Par Gilles Martin (chroniqueur exclusif) – Président fondateur de PMP et fondateur de Youmeo
Ce qui fait la réussite d’un business, d’un nouveau produit ou service, mais aussi d’un individu en recherche de job, ou d’un consultant en recherche de clients et de commandes, c’est toujours la différentiation. « Qu’as-tu de différent ? » : voilà la question qui tue. Et c’est quoi « être différent » ?
Rien de tel pour s’y plonger que de relire le best-seller de Seth Godin, « La vache pourpre ».
Le titre vient d’un voyage en France de l’auteur : en parcourant le territoire il est impressionné de voir autant de vaches, mais, au bout d’un moment, toutes les vaches finissent par se ressembler, elles sont toutes ordinaires, voire ennuyeuses. Elles sont parfaites, superbes, mais ennuyeuses. Ce qui susciterait l’intérêt serait une vache pourpre. Pourquoi ? Parce qu’elle serait alors remarquable.
Mais la question est alors : Comment être remarquable ? Quelle est ma vache pourpre ?
On l’imagine facilement, pour être remarquable, il ne faut pas copier les autres, et encore moins suivre le leader, car si le leader fait une chose remarquable, il n’a plus rien de remarquable quand d’autres se mettent à faire comme lui.

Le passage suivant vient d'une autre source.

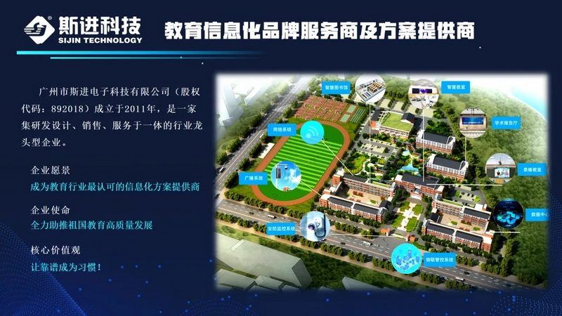 斯進科技創(chuàng)立至今,一直秉承“全力助推祖國教育高質量發(fā)展”的企業(yè)使命,始終堅持以“成為教育行業(yè)最認可的信息化方案提供商”作為企業(yè)愿景。目前,斯進科技已走進百萬教室、服務千萬師生,專注于為高職、普教、幼教及教培行業(yè)全學段提供先進、實用、全方位的教育化產(chǎn)品和解決方案及優(yōu)質的技術服務。

Il est également non recommandé de tenter de satisfaire tout le monde, en croyant ainsi s’adresser à un marché potentiel plus grand. Grave erreur, car le gros des ventes d’un produit de vient pas tout seul, mais après l’adoption du produit par des consommateurs prêts à essayer une nouveauté. Les premiers adeptes créent ainsi un environnement rassurant pour majorité précoce et tardive qui représente le gros du marché. Mais encore faut-il trouver ces premiers adeptes qui prendront le risque de votre produit ou de travailler avec vous alors que personne ou presque ne vous connaît, et que la majorité vous ignore. La seule chance est donc de trouver les clients qui aiment le changement, qui ont envie de nouveautés, qui recherchent justement ce que le nouveau venu a à vendre : du nouveau. A condition bien sûr d’avoir vraiment trouvé du nouveau. Alors, une fois que les premiers adeptes auront achetés le produit ou le service, ce sont eux qui iront le vendre, notamment par bouche à oreille ou recommandation, à la majorité précoce, puis à de plus en plus de clients.
Mais comment trouver cette nouveauté vache pourpre qui va plaire à ces premiers adeptes ?
Ce qu’il faut, pour Seth Godin, c’est trouver « l’idée virus » : Un nouveau produit, un nouveau service, c’est d’abord une idée. L’idée virus, c’est celle qui se propage. Et pour qu’elle se propage, il faut rencontrer les contaminateurs. Ce ne sont pas forcément les premiers adeptes de votre service ; ceux-là n’ont peut-être pas envie d’en parler. Alors que les contaminateurs, ce sont les bavards, ceux qui parlent des nouveautés à leurs collègues, à leurs amis, à tout le monde. Ce sont ces contaminateurs qui vont transformer vos idées en virus. Ce sont donc ces contaminateurs qu’il faut dénicher et les séduire. Il ne faut surtout pas chercher à plaire à tout le monde (les contaminateurs n’aiment pas ceux qui font comme tout le monde). Il faut chasser les contaminateurs. Il ne faut pas forcer les gens à vous écouter (c’est mission impossible), mais repérer les gens qui vous écoutent et ne plus les lâcher. Et si personne ne vous écoute, cherchez la vache pourpre ailleurs. Cherchez le groupe de clients le plus à même de propager vos idées, vos produits, vos services et trouver les moyens de vous faire connaître auprès d’eux : voilà le début pour être remarquable.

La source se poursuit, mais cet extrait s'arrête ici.